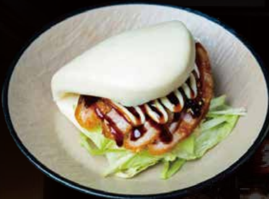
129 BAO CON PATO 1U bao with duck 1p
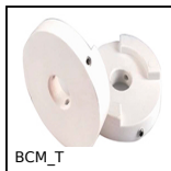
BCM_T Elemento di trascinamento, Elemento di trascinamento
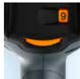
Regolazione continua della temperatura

---

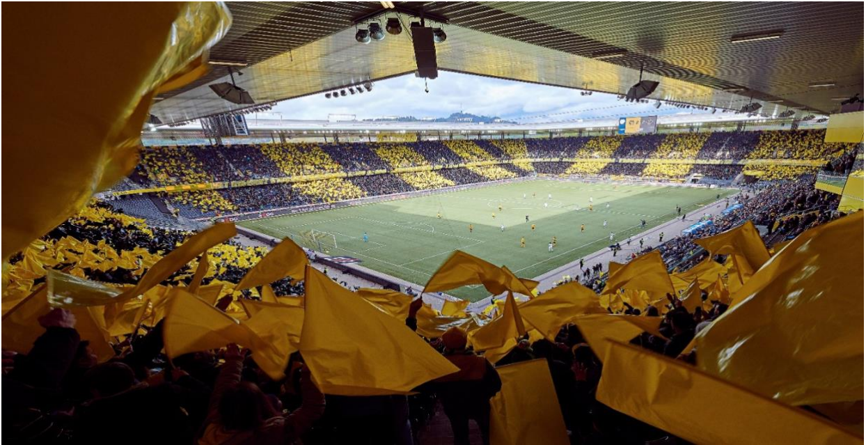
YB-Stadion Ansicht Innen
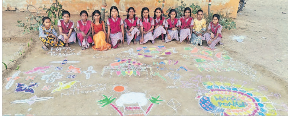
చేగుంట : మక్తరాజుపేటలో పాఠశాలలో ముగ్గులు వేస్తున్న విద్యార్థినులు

---

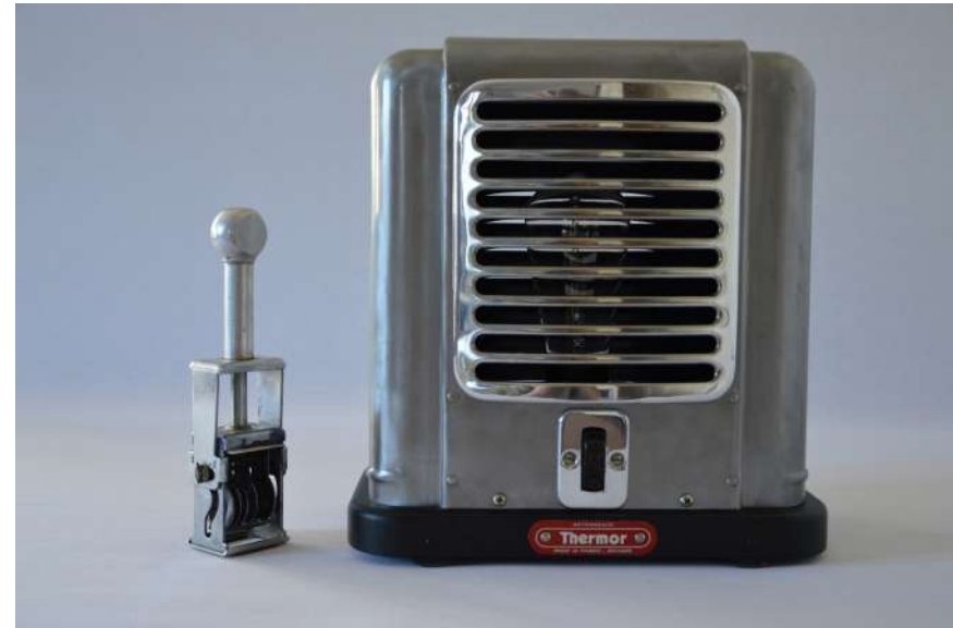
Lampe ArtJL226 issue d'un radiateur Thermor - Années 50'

**REQUIRED ACTION**
Now transcribe the lines above exactly, starting at the line containing "129 BAO CON PATO 1U bao with duck 1p" and ending at the line containing "Regolazione continua della temperatura", both lines included, pictures excluded.

**YOUR RESPONSE**
129 BAO CON PATO 1U bao with duck 1p
BCM_T Elemento di trascinamento, Elemento di trascinamento
Regolazione continua della temperatura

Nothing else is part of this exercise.